A Dark Sky Affair


Last updated 8/22/2019 at 1:58pm

Michael Sadler

As dusk broke for the Dark Sky Party at the Borrego Springs Library on Aug. 15, not the Moon, but Jupiter appeared as the first celestial object, even displaying four of its 67 known moons telescopically later in the event.

Following Jupiter, a dark orange-red moon rose low in the east, details wondrous through both binoculars and telescope. Saturn appeared, and its rings provided both adults and kids a unique perspective on our Solar system.

The viewing session was organized by David and Cindy Decker from the San Diego Astronomy Association and hosted by librarian Cristin McVey.

Included in the event starting late afternoon and going well into the night were informational materials, telescope displays, a planet button-making device, an astronomical photography presentation, a showing of the film "First Man," and even a painting exercise while listening to a singing bowl and drum presentation by "Mark and Denise of Paradise."

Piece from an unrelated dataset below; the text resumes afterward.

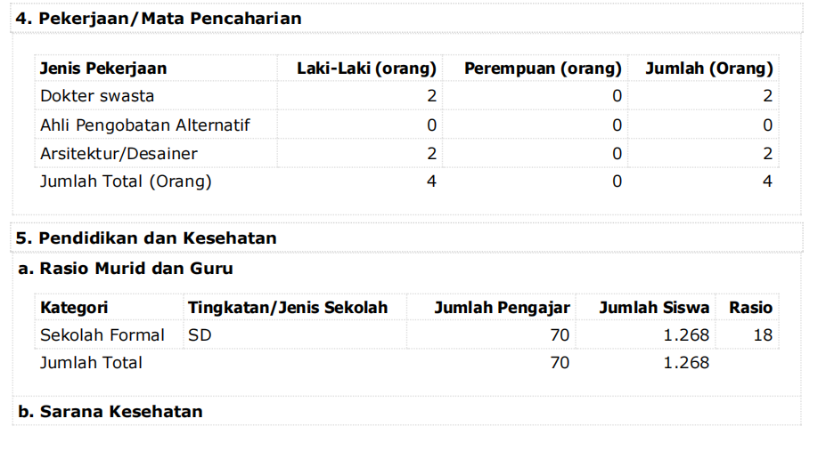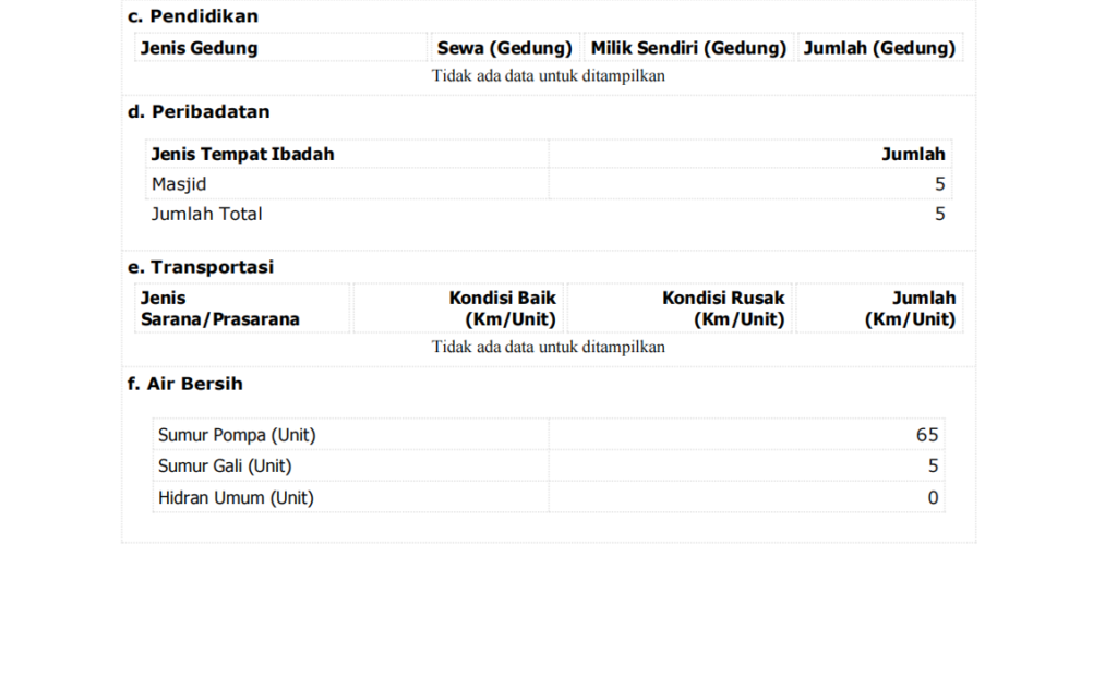 | Kendaraan Umum Ke Ibu Kota Kecamatan (Unit) | | 0 |

The event followed close on the heels of the annual Perseid meteor shower, which peaked on Aug. 12 – 13, considered around the world to be a highlight of anyone's astronomical calendar.

Mostly no bigger than a grain of sand, meteors hit the atmosphere at 36 miles per second with peak temperatures from 3,000 to 10,000 degrees Fahrenheit.

Librarian Cristin McVey was outside at 4:30 a.m. the last night of the shower.

"I saw about 15 in 10 minutes," she said, a little over average for a typical Perseid event. This year, however, a bright waxing moon was setting, reducing the number of meteors visible and their chemically induced colors (red, blue, green) as they ionize in the upper atmosphere.

Those artistically inclined were invited to paint a picture, inspired by music during the session courtesy of "Mark and Denise of Paradise" and their singing bowls and drums. Borrego newcomer and Borrego Springs High School math teacher John Goldberg took advantage of the opportunity by painting a picture depicting diversity in the world and our community. Look for an "Arrivals and Departures" article on Goldberg in a future issue.

One tidbit was David Decker's education on "lunar libration" (nothing to do with libraries). From an observer's perspective over a typical lunar cycle, the Moon seems to oscillate left and right, and even up and down, captured by a photo sequence showing slightly different perspectives at different times in the Moon's orbit around Earth over a year. It's not a flat plane, but instead tilted at a slight angle, and it's an ellipse, not a circle. A lunar libration is a minor effect that is visible if one knows where and what time to look.

A highly informative presentation on astrophotography by local photographer Katelyn Cooke (she also does portraits and landscapes) covered the best methods of capturing the Milky Way and our Solar system's celestial bodies with an iPhone or similar mobile device via settings for aperture, shutter speed, and ISO (International Standards Organization).

Aperture should be at lowest setting, shutter speed according to the "Rule of 500" (500 divided by the focal length), resulting in 25 – 30 second exposure to minimize blurring by visible changes in star position, and ISO at highest setting; Cooke displayed her photoshopped examples that were wonders of Borrego sky photography to behold.

In the Library Community Room was a showing of "First Man" with Ryan Gosling starring as Neil Armstrong.

A real-life cliffhanger moment, not revealed to many outside the close-knit NASA (National Aeronautics and Space Administration) community at the time, was how Armstrong was forced by circumstances to land the lunar module in manual mode. His fuel supply was closing in rapidly towards zero as he guided the lander over craters that would have spelled disaster if the lander was not almost perfectly vertical for blasting off the Moon for home. He landed safely, but it was a close thing indeed, witnessed by the NASA tracking team back home showing audible signs of abject relief after watching the fuel supply drop and then confirming a safe touchdown.

Many thanks to David and Cindy Decker for making the trip to Borrego Springs to share their wonders of astronomy.